Осознание того, что Григорий прав, и с венчанием затягивать не стоит не прибавило ей настроения. Белов провел рукой по лбу, утирая пот, и хмуро взглянул на невесту.

— Между нами уж давно все решено, что затягивать? — сквозь силу спросил он.

Вокруг все плыло, а глаза то и дело застилал туман. Лишь чистое упрямство не давало сдаться и уползти в логово, поджав хвост.

Балансируя на краю сознания, Григорий не сразу уловил слишком знакомые голоса, звучавшие у крыльца.

Потом послышались шаги, дверь распахнулась, Тихон в сбившемся парике вошел в комнату и торжественно объявил.

— Господин и госпожа Беловы.

Настя вздрогнула и испуганно взглянула сначала на жениха, потом на хозяйку дома. При мысли о том, что придется смотреть в глаза родителям Белова, девушку охватил страх. Мать Григория и так считала, что неугодная невеста околдовала ее сына, и девушка полагала, что обвинения вполне оправданны. Настя в который раз пожалела, что ночью поддалась соблазну.

Григорий тоже скривился, прекрасно понимая, что родители пожаловали не просто справиться о его здоровье.

— Гриша, вы же понимаете, что отказывать вашей матушке я не могу… — вежливо, но твердо произнесла Анна Михайловна.

— А я и не настаиваю, — отозвался тот.

— Проси, — почти благостно кивнула Бутурлина лакею, расправляя пышные кружева на платье.

Лакей поклонился и широко распахнул двери, впуская посетителей. Первым в комнату шагнул Петр Григорьевич. При виде сына бледного и без ставшего уже привычным мундира, Белов-старший нахмурился.

— Гришенька… — Евдокия Андреевна картинно всплеснула руками— Счастье то какое! Живой!

Она собиралась кинуться на шею Григорию, но под сердитым взглядом мужа замерла, торопливо достала кружевной платок и приложила к глазам.

— Я всю ночь на коленях простояла, о тебе Бога молила, — всхлипывая сообщила она, — Чтоб простил… на путь истинный наставил…

Петр Григорьевич тем временем обвел взглядом присутствующих, задержавшись на Насте, потом скривился при виде Левшина и запоздало холодно поклонился хозяйке дома:

— Госпожа Бутурлина, прошу прощение за столь неподобающий визит…

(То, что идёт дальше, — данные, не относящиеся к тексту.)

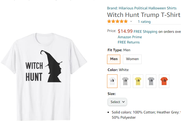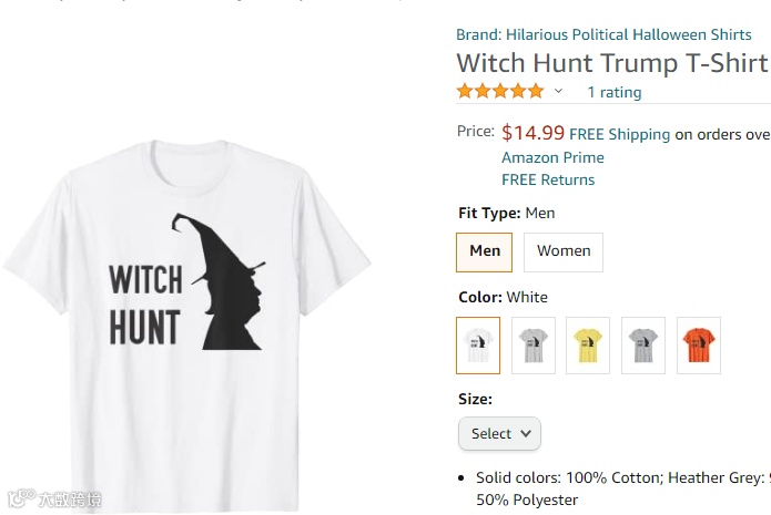 美国亚马逊网站售卖的特朗普“猎巫”T恤,14.99美元包邮。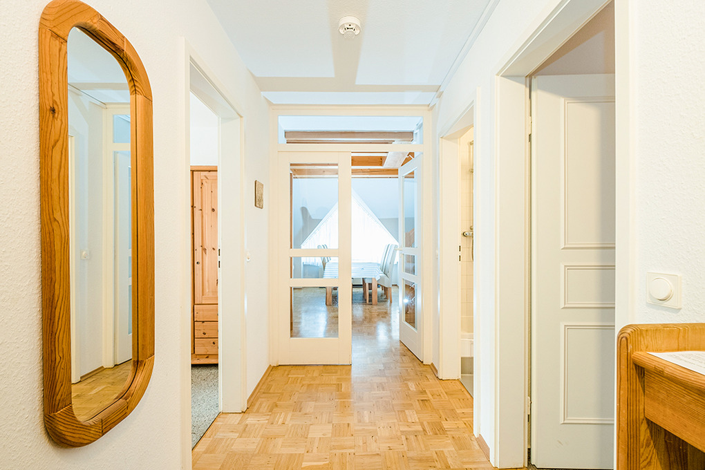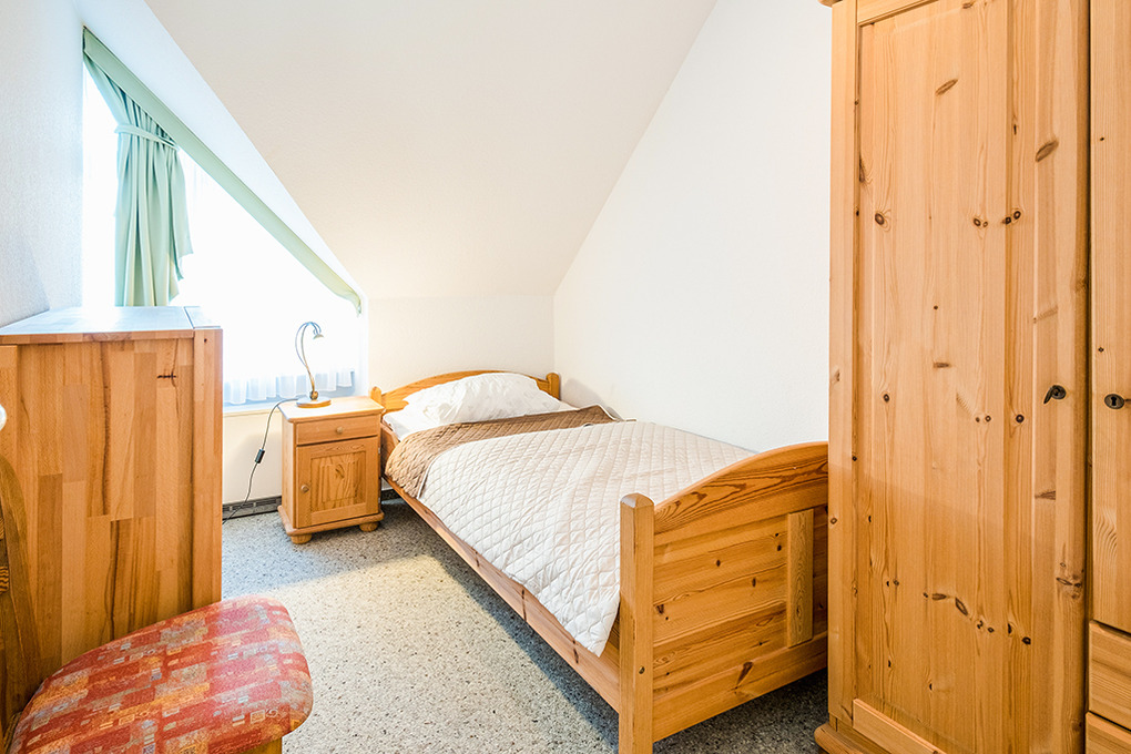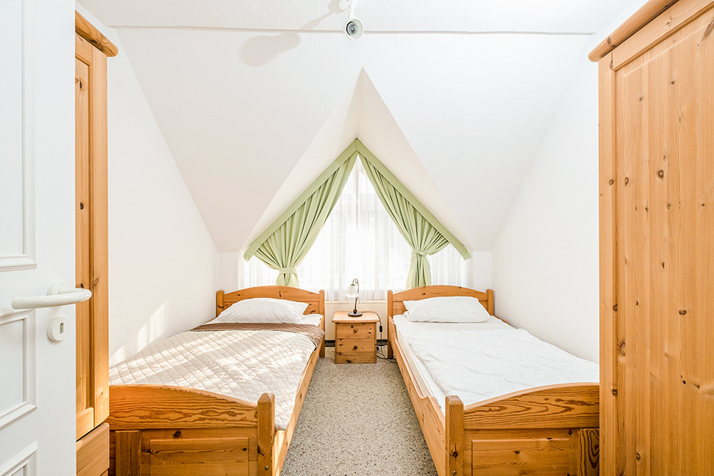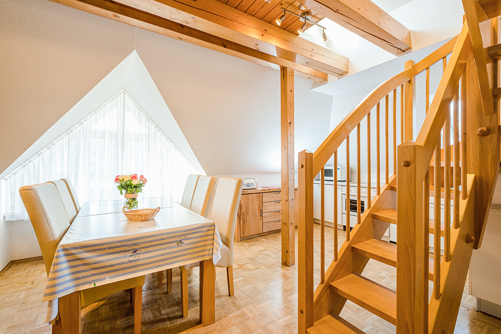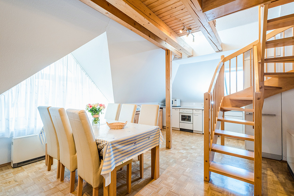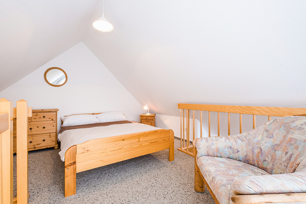 D 66.7 Wohnung 2-5 Pers.: Geräumige 4-Zimmerwohnung mit 75 qm Wohnfläche. 1. Etage: Heller, freundlicher Wohn-/Essraum mit Couchgarnitur, Flachbild-Sat-TV, Radio, Esstisch, gut ausgestatteter Küchenzeile (Backofen, Mikrowelle, Spülmaschine). 2-Bettzimmer. Einzelzimmer. Bad/WC. Treppe ins ausgebaute Dachgeschoss: Galerie, offen zum Wohnraum, mit franz. Bett.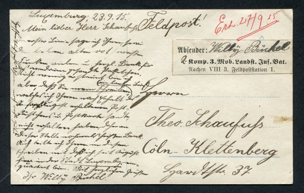 Ein Onlinearchiv mit Feldpostkarten und Liebesgaben aus dem ersten Weltkrieg des 20. Jahrhunderts. Unser Verein „Kölsche Funke rut-wieß vun 1823 e.V.“ oder kurz die „Roten Funken“ gedenken hier Mitgliedern, die den grausamen Krieg erleben mussten.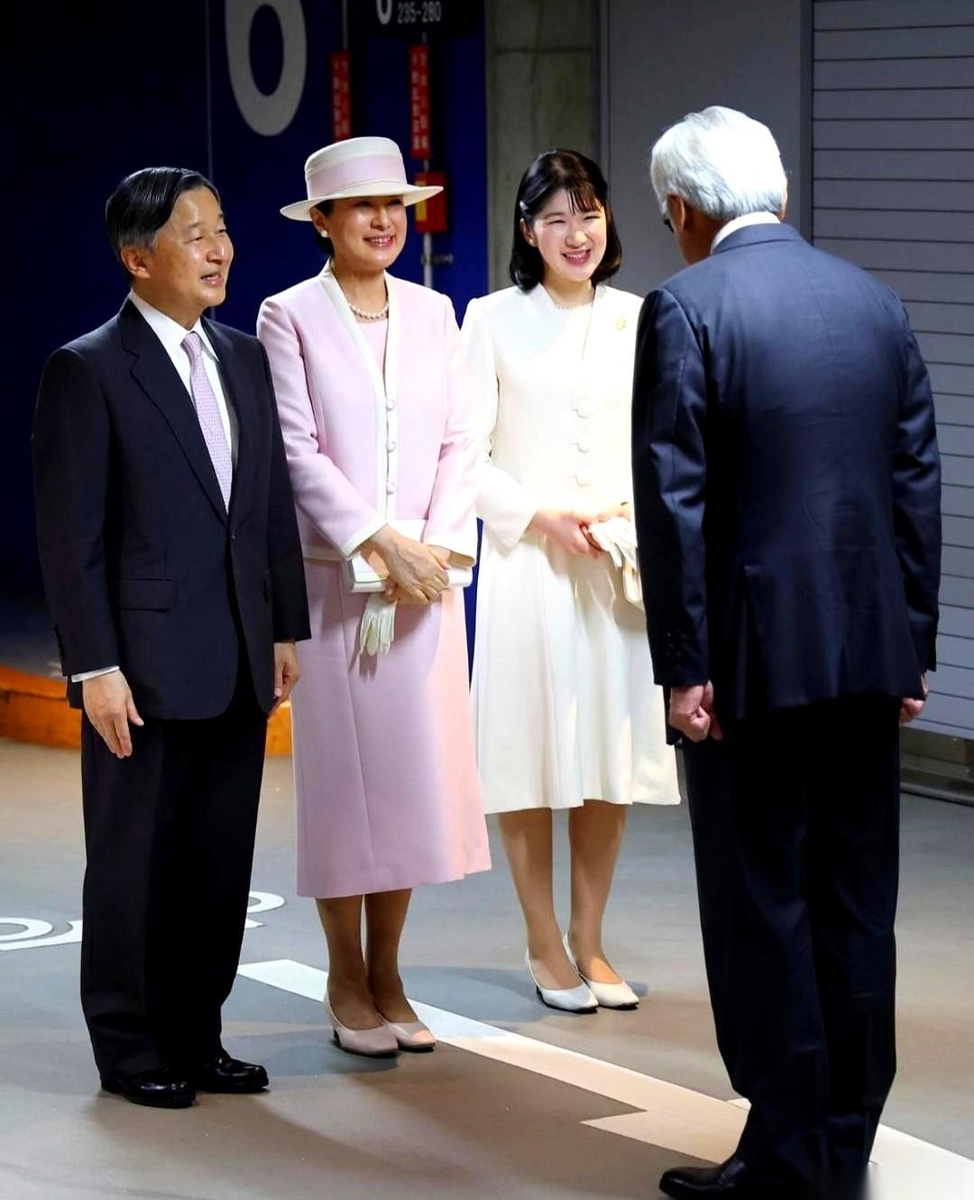 雅子从头到脚罩着一套纯粉色的正装,款式规规矩矩。站在一侧的爱子公主,则是从头到脚一身素白。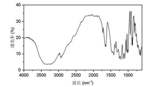 使用ATR附件,掃描背景去除雜峰后將取少量多羥基烷基季銨鹽放在測試位置開始進行紅外光譜掃描。在3300nm1附近的寬吸收峰可歸屬為羥基吸收峰,亞甲基的吸收峰分別位于2900nm1和1200~1400nm1附近,1100nm1處為CF的吸收峰區。

— Что вы, Петр Григорьевич, — отмахнулась Бутурлина, которую явно забавляло такое поведение, — Я все понимаю. Сын. Единственный.

— Именно, — голубые глаза зло сверкнули. — Правда, избалован бабами вне меры. Вон мать до чего довел!

В подтверждение слов мужа Евдокия Андреевна громко всхлипнула. Григорий нахмурился. Он знал, что мать действует так специально, чтобы еще больше разозлить отца, не терпящего женских слез и истерик.

В любое другое время Гриша возмутился бы, но сейчас он понимал, что слишком слаб, чтобы ясно мыслить и обязательно проиграет, потому промолчал, лишь глаза упрямо сверкнули.

— Гришенька, — Евдокия Андреевна ахнула, выныривая из-за своего платка. — У тебя глаза опять синие! Петр Григорьевич, глянь, счастье то какое!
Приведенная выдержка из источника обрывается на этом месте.